She also has been asking me lots of questions about Heaven, prompted by a library book I think (& of course she has her own theories here too)
"Is Heaven 'up' there in the clouds?"
Before I can answer, she kindly furnishes me with her own theory & then goes on to explain why she has subsequently discarded it as a working theory.
"I thought clouds were each of our houses in Heaven but I know that can't be right because when we fly, we fly above the clouds & I don't see any houses in them, there's just nothing but fluff."
I agree there are no houses there. And she has already decided that Heaven must be 'beyond outer space'.
She seems content with this for the time being & has had enough theorising for one night. She pops her thumb back in her mouth, to indicate the discussion has ended & snuggles down under the covers.
"Night Mummy, see you in the morning."
So partly to change tack & partly because I was by then desperate for a coffee, we decided to go to the French Cafe for an edible treat. It is one of only 2 or 3 innovative cafes in Tirana where you can actually get something to eat alongside your espresso.

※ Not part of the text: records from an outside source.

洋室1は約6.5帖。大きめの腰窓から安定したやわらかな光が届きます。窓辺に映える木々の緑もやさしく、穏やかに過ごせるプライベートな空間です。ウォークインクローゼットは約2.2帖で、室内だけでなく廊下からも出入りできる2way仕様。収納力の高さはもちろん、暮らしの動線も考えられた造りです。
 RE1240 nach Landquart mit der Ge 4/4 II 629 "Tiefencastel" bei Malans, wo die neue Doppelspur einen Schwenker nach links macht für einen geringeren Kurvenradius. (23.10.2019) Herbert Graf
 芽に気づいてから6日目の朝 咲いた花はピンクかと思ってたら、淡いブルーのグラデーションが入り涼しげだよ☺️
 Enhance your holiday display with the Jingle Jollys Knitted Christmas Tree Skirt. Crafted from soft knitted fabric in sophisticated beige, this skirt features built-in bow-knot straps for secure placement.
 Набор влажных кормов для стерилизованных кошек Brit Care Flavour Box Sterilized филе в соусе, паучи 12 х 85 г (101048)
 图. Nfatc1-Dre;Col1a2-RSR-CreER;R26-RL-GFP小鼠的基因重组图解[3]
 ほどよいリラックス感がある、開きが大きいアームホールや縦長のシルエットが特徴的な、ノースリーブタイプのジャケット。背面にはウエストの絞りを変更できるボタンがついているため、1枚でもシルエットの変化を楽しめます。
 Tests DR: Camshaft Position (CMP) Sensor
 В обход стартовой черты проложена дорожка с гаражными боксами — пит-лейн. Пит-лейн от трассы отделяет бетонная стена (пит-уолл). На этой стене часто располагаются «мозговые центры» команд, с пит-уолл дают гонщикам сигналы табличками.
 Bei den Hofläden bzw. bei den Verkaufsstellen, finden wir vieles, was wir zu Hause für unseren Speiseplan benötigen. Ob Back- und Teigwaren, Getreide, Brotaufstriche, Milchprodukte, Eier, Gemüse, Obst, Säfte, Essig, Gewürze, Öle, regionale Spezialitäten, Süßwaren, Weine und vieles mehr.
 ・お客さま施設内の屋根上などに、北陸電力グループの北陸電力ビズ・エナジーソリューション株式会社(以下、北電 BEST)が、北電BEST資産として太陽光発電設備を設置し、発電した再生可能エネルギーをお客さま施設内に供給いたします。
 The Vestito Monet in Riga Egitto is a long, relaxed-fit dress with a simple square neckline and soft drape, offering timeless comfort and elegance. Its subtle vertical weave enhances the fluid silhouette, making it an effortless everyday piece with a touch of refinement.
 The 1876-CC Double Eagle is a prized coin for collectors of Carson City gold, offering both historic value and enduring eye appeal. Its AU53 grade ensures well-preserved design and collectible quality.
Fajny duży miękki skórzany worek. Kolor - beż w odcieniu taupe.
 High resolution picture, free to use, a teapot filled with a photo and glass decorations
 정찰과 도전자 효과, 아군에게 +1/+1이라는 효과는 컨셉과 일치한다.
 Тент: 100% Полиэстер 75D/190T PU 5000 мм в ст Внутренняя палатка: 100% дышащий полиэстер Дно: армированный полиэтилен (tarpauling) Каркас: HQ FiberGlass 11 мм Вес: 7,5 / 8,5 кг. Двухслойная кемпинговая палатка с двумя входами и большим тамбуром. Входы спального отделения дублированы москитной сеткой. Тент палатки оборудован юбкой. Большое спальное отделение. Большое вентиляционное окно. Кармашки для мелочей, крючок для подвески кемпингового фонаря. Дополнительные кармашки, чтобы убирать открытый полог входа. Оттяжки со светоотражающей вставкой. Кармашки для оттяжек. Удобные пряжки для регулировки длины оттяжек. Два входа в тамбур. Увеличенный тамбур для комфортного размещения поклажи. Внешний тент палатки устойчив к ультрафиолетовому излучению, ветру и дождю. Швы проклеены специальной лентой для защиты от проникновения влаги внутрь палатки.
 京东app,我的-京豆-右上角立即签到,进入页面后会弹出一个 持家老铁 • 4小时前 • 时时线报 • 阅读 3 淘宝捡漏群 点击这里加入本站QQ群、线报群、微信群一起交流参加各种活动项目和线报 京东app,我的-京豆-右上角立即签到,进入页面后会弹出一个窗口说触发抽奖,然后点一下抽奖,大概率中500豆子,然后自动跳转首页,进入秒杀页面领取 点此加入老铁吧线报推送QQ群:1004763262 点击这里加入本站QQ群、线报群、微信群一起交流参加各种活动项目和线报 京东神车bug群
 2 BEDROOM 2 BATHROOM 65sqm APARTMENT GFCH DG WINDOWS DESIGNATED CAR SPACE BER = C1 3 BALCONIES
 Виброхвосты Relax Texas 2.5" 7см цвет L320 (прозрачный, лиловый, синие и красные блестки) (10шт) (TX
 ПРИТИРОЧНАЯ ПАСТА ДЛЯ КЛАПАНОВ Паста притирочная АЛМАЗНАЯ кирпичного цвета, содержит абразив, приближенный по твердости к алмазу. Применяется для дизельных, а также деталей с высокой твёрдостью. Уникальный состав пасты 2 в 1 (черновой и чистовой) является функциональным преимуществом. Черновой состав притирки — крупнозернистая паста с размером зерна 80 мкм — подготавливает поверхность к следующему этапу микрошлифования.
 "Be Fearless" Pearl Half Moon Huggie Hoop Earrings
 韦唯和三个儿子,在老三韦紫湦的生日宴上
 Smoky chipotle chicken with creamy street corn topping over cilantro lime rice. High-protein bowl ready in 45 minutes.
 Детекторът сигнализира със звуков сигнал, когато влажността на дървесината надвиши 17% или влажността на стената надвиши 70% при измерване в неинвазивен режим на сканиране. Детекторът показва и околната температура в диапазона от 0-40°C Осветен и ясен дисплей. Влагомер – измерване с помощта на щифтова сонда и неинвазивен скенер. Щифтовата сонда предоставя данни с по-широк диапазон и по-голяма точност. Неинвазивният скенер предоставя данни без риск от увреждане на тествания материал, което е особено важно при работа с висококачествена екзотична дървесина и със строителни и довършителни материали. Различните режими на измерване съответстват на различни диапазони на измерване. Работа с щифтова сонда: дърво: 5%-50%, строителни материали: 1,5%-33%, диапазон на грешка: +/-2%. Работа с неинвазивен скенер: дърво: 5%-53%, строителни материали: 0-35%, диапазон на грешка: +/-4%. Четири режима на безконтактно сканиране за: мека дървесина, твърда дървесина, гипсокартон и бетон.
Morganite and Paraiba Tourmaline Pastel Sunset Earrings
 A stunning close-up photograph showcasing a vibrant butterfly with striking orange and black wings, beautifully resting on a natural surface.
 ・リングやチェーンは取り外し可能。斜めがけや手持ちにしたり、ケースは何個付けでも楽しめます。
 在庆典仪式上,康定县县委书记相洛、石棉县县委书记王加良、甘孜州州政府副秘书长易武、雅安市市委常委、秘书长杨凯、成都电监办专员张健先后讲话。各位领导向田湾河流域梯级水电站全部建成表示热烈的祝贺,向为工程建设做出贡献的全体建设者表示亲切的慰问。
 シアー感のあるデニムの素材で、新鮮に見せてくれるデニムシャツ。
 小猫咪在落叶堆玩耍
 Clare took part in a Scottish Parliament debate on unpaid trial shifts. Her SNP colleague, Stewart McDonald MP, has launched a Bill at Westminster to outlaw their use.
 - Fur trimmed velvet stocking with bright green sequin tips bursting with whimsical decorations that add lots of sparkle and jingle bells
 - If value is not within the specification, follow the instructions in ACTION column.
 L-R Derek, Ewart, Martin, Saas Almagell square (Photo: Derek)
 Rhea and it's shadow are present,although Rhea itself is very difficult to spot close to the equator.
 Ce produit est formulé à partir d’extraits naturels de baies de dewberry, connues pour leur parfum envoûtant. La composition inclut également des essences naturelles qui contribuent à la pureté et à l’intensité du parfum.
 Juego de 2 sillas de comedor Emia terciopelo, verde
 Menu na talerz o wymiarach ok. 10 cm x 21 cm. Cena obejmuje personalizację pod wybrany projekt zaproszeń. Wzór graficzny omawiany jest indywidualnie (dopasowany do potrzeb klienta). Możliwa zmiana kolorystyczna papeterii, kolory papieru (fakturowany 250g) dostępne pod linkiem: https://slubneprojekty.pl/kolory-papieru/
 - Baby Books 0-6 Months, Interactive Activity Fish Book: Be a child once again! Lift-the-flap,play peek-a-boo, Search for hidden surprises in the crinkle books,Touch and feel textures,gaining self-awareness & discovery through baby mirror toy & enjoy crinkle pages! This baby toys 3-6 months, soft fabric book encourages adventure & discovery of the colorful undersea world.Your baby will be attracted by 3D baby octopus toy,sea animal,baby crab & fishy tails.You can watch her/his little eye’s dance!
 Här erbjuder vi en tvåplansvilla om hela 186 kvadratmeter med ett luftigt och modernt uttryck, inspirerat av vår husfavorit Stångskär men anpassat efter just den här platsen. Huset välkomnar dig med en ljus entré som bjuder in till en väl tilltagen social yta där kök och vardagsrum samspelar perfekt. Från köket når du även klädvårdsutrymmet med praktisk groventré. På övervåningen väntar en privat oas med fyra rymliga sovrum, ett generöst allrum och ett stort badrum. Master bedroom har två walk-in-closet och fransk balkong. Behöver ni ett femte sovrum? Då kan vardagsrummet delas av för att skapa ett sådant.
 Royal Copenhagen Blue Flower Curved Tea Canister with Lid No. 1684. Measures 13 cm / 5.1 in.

They do French pastries, tarts & 'flan'. It has lots of mirrors, sparkly glass lights which my daughter loves & chic black & white, atmospheric Parisian posters. And yummy cakes. So it feels 'treaty' & grown up, which also appeals to her. As we have observed many a time here, the business opportunities for entrepreneurs are endless, (though the taxes, bribes & lack of a middle class with disposeable income are admittedly stumbling blocks) Yet when a new shop opens here it is invariably a cafe serving only drinks, a wedding dress shop or a fruit & veg shop. It makes sense in that everyone goes out for coffee (& it's cheap here), weddings last 3 days & often involve 3 changes of dresses & fruit & veg is local & cheap too.
So I guess the French cafe appeals predominantly to ex-pats who have different routines, there were people in there having breakfast, students studying & single guys reading the paper. We had a croissant aux amandes, a cappucino & a fruit juice, which meant the inevitable trip to the loo at the end of our visit. We walked through the glass dividing wall which separated the restaurant stalls from the cafe. As we came out of there, my daughter ran ahead, there was a crack & a yelp a she crumpled to the floor.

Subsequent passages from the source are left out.